Detection of a Circulating MicroRNA Custom Panel in Patients with Metastatic Colorectal Cancer
Published on: March 14, 2019
Identification of an MiRNA-mRNA Regulatory Network in Colorectal Cancer
Ming-Fu Cui1, Yuan-Yu Wu2, Ming-Yan Chen3
1Department of Gastrointestinal Colorectal and Anal Surgery, China-Japan Union Hospital of Jilin University, Changchun, Jilin 130033, China.
Background:
Colorectal cancer (CRC) is the fourth most prevalent cancer in the world. However, the molecular mechanism underlying CRC is largely unknown.
Objective:
To explore the pathogenic mechanism of CRC and to facilitate better diagnosis and treatment of this disease.
Methods:
Differentially expressed miRNAs (DEMs) and genes (DEGs) in CRC vs. Control samples from the miRNA expression data in GSE115513 and the miRNA and mRNA expression data in the TCGA-COAD dataset were screened, followed by the construction of the miRNAmRNA regulatory network. Functional and pathway enrichment analysis, protein-protein interaction (PPI) analysis, and survival analysis were then performed for these DEGs and DEMs.
Results:
We identified 64 DEMs from the GSE115513 dataset and 265 DEMs and 2218 DEGs from the TCGA-COAD dataset. miR-27a-3p was a hub DEM with the highest degree in the miRNA-mRNA network, while GRIN2B and PCDH10 were hub DEGs targeted by multiple miRNAs, including miR-27a-3p. SNAP25 and GRIN2B were also hub DEGs with the highest degree of interactions in the PPI network. These DEMs and DEGs were significantly enriched in multiple KEGG pathways, including proteoglycans expression and cAMP signaling pathway in cancer. Finally, seven DEGs, including FJX1 Dsc2, and hsa-miR-375, were revealed to be correlated with CRC prognosis.
Conclusion:
Aberrant expressions of genes and miRNAs were involved in the pathogenesis of CRC, probably by regulating proteoglycans expression and cAMP signaling. miR-27a-3p, PCDH10, GRIN2B, FJX1, Dsc2, and hsa-miR-375 were identified as potential targets for understanding the pathogenic mechanism of CRC. In addition, FJX1, Dsc2 and hsa-miR-375 were identified as potential predictive markers for CRC prognosis.
Insights
This study identifies key microRNAs (miRNAs) and genes involved in colorectal cancer (CRC) pathogenesis. Specific molecules like miR-27a-3p and GRIN2B may offer new diagnostic and prognostic insights for CRC.
Area of Science:
- Genomics
- Molecular Biology
- Cancer Research
Background:
- Colorectal cancer (CRC) is a major global health concern, ranking as the fourth most common cancer worldwide.
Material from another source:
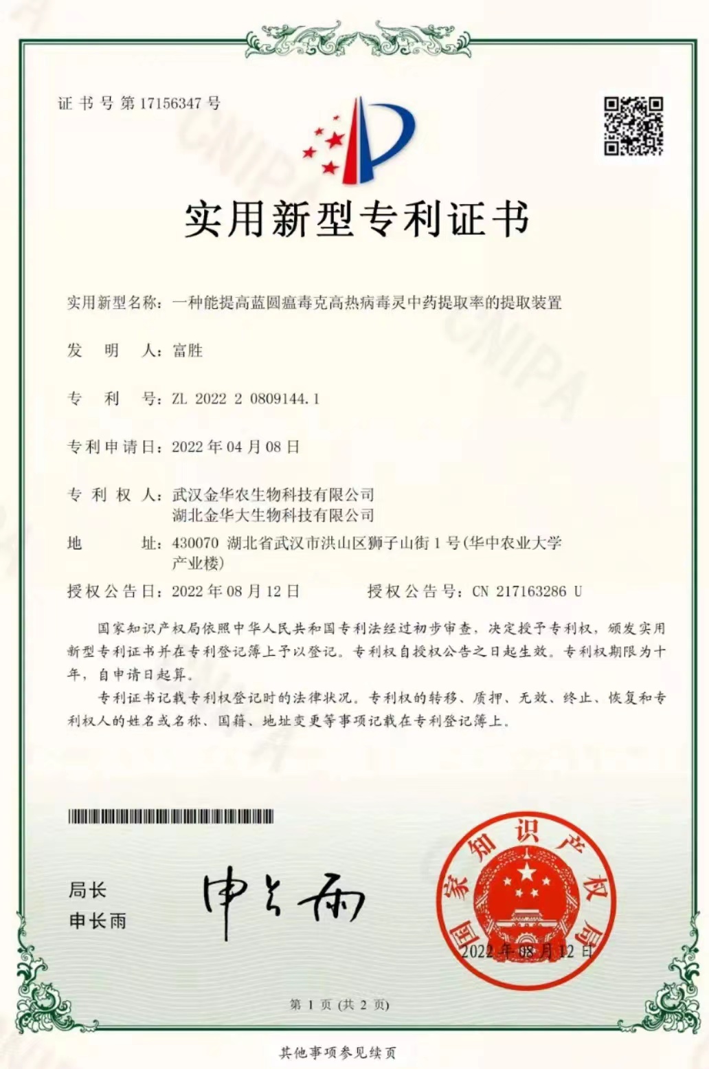 科技專利證書(藍圓瘟毒克):專利號—202220809144.1

- The intricate molecular mechanisms driving CRC development and progression remain largely unelucidated, hindering effective diagnosis and treatment strategies.
Purpose of the Study:
- To elucidate the molecular pathogenesis of colorectal cancer.
- To identify potential biomarkers for improved diagnosis and therapeutic targeting of CRC.
Main Methods:
- Screening of differentially expressed microRNAs (DEMs) and genes (DEGs) in CRC versus control samples using TCGA-COAD and GSE115513 datasets.
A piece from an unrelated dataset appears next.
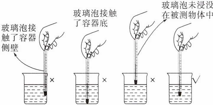。二放:温度计的玻璃泡与被测物体充分接触,不要碰到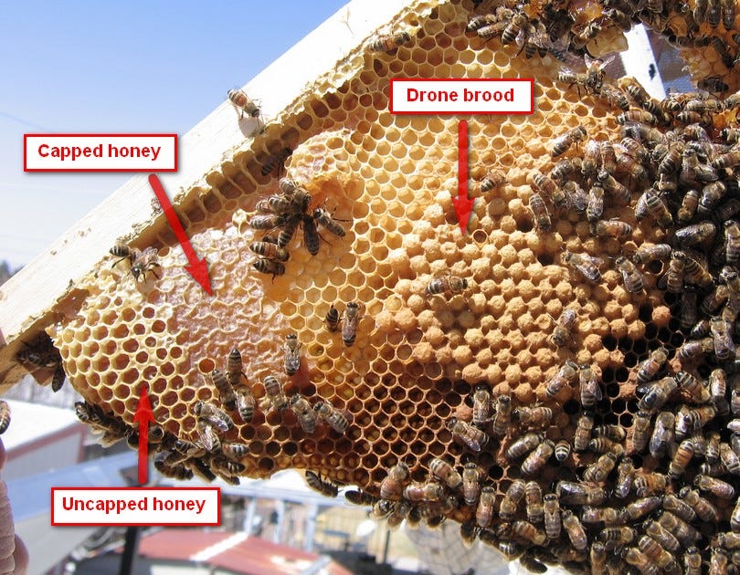 Now, to transition back to the drones themselves, we can take advantage of understanding how drones exist in a hive to track and even eliminate Varroa mites without the use of literally anything. Kim Flottum, a prominent bee author and researcher, has a system he uses for keeping his bees from ever having mite issues. It’s fairly simple if you understand how beehives work. So we mentioned before how drones exist on the edge of the hive, especially when they’re in the comb, right? Well, what he’s discovered is that if you put in new frames with no comb on the edges of your mediums. He uses the second and 6th frames, which in an 8-frame medium are 2 in from each side. Every week you put a new one in, so the first week, the bottom medium will have the 2nd frame replaced. The next week the bottom medium will have the 7th. The third week the middle medium 2nd frame was replaced, and so on. After about 3 weeks, you’d pull the first frame you put in to see what they’d built out for comb and inspect the drone larvae for signs of mites.

- Construction of a miRNA-mRNA regulatory network, followed by functional enrichment, pathway analysis, and protein-protein interaction (PPI) network analysis.
- Survival analysis was conducted to identify genes and miRNAs correlated with CRC prognosis.
Main Results:
- Identification of 64 DEMs in GSE115513 and 265 DEMs and 2218 DEGs in TCGA-COAD.
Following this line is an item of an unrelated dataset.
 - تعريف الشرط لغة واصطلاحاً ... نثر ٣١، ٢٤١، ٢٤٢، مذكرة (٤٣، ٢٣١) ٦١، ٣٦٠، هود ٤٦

- miR-27a-3p emerged as a key regulatory miRNA, targeting hub genes GRIN2B and PCDH10. GRIN2B and SNAP25 were identified as significant nodes in the PPI network.
- Enrichment analysis revealed involvement in pathways such as proteoglycans expression and cAMP signaling. Seven DEGs, including FJX1 and Dsc2, and hsa-miR-375 showed correlation with CRC prognosis.
Conclusions:
- Aberrant gene and miRNA expression, particularly involving proteoglycans and cAMP signaling, contributes to CRC pathogenesis.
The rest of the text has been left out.